*** Opening RECORDS PROVIDED ***

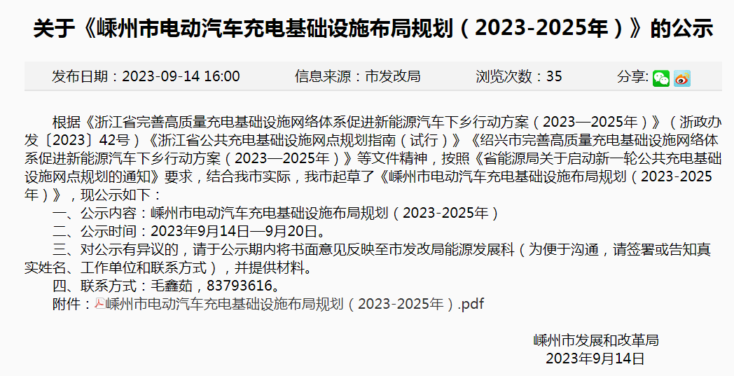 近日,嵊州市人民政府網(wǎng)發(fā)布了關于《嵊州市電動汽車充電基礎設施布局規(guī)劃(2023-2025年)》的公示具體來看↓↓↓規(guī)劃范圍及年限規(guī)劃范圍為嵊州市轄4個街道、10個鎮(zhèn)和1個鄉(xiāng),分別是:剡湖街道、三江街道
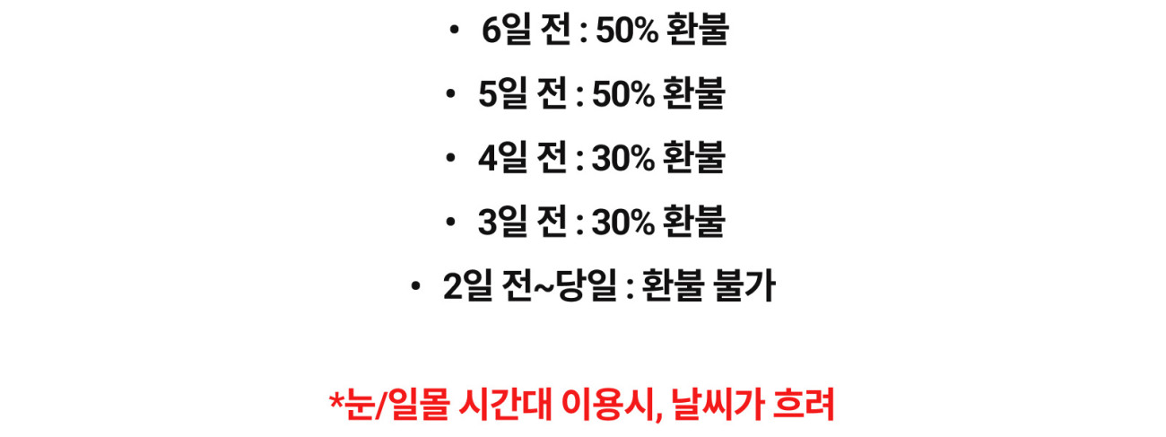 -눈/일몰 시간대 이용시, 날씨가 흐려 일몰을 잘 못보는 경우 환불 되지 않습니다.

*** Closing RECORDS PROVIDED ***
*** Opening RECORDS PROVIDED ***

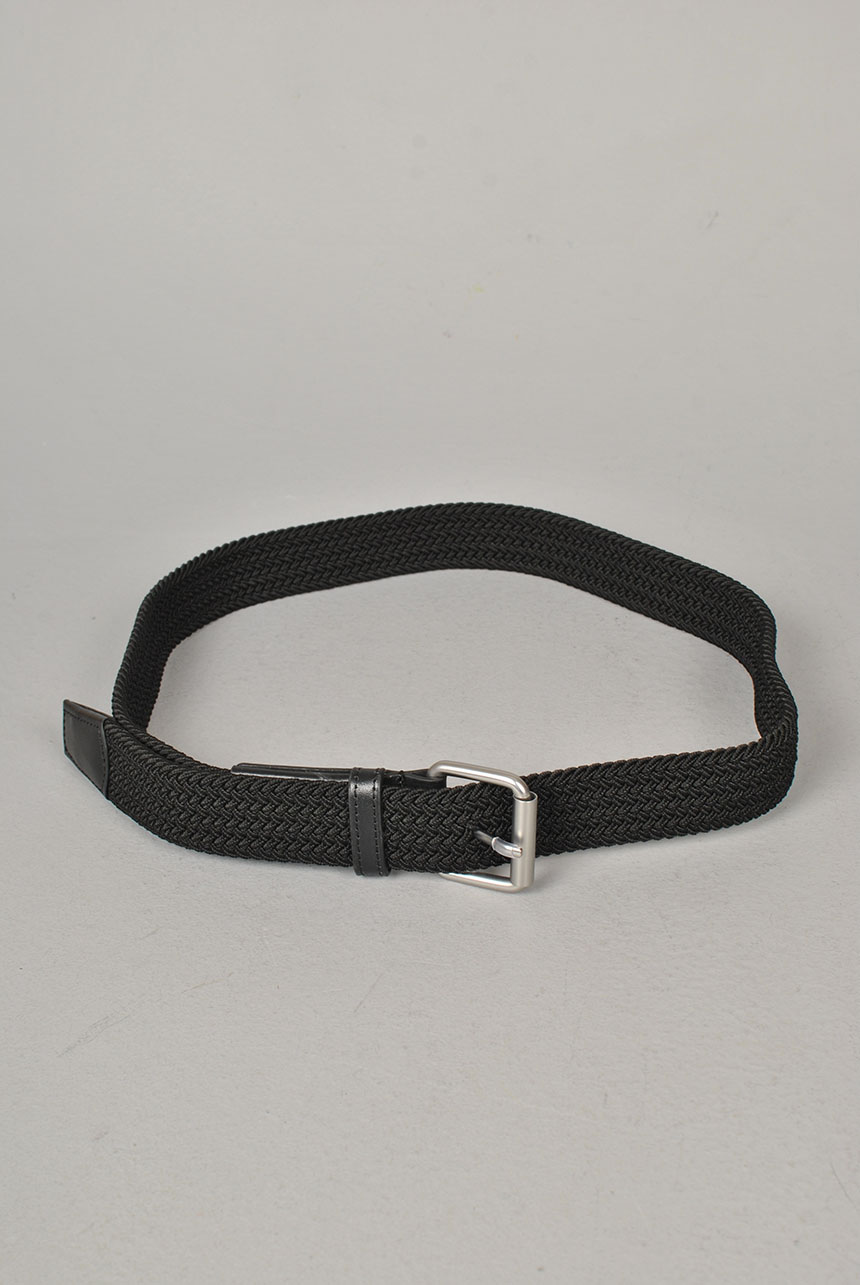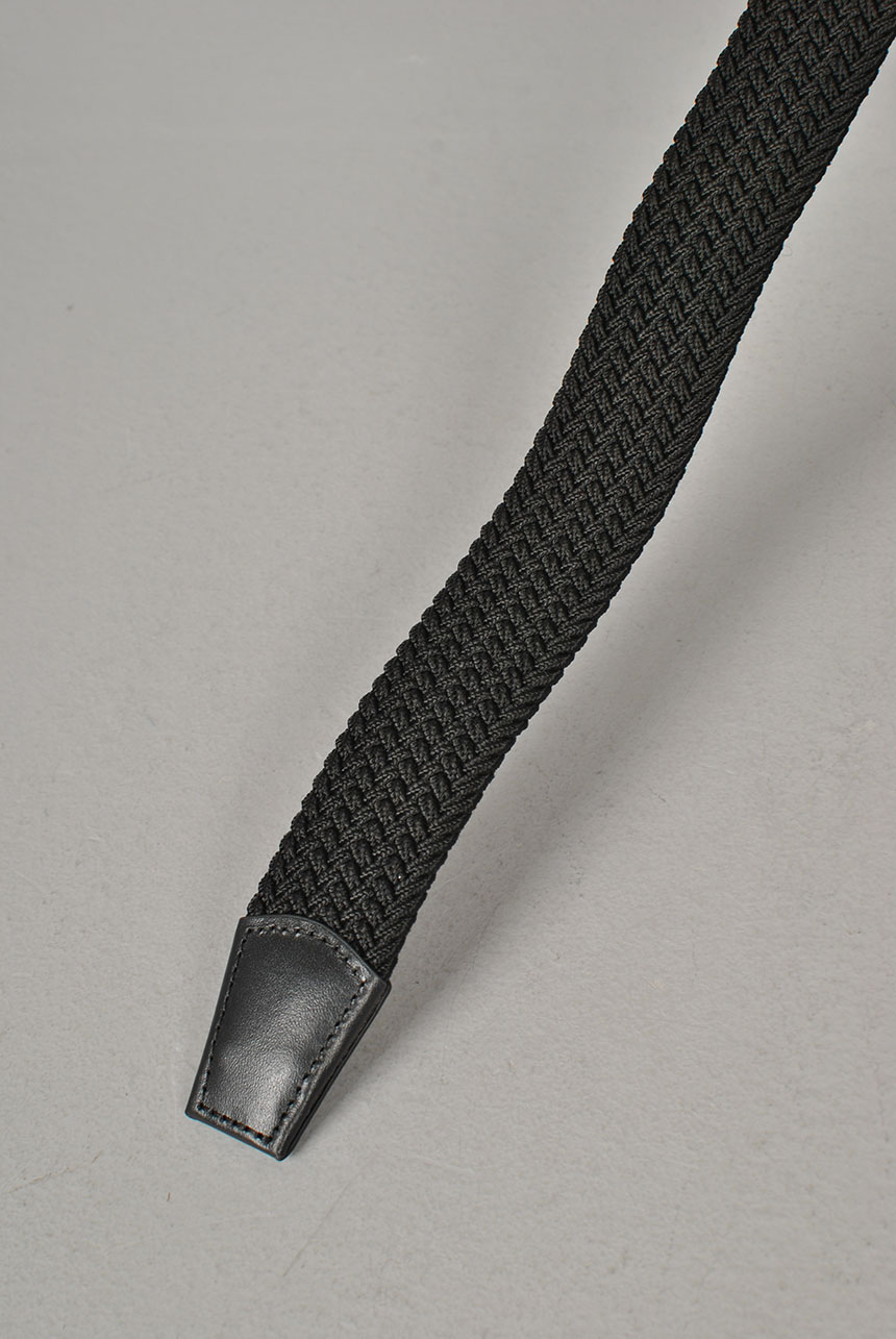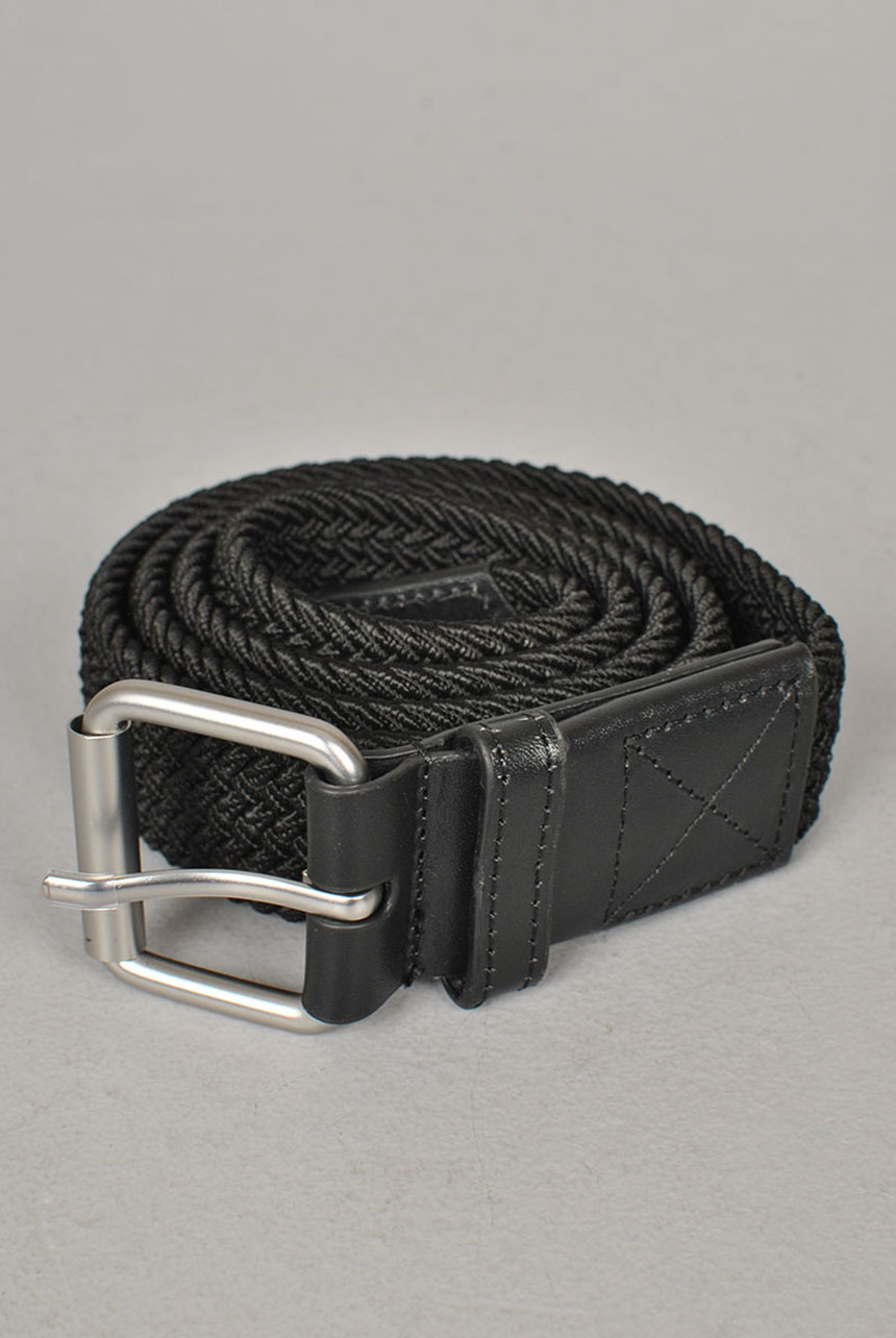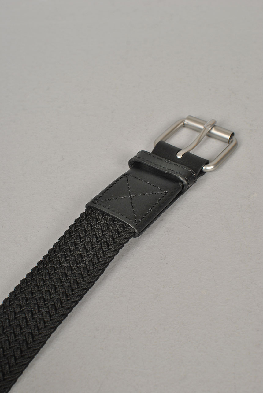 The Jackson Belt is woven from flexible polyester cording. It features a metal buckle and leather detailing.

*** Closing RECORDS PROVIDED ***

> **ACTIVITY**
From the line containing "近日,嵊州市人民政府網(wǎ" through the line containing "-눈/일몰 시간대 이용시, 날씨가", copy every line above exactly, without pictures.

> **RESULT OF THIS TASK**
 近日,嵊州市人民政府網(wǎng)發(fā)布了關于《嵊州市電動汽車充電基礎設施布局規(guī)劃(2023-2025年)》的公示具體來看↓↓↓規(guī)劃范圍及年限規(guī)劃范圍為嵊州市轄4個街道、10個鎮(zhèn)和1個鄉(xiāng),分別是:剡湖街道、三江街道
 -눈/일몰 시간대 이용시, 날씨가 흐려 일몰을 잘 못보는 경우 환불 되지 않습니다.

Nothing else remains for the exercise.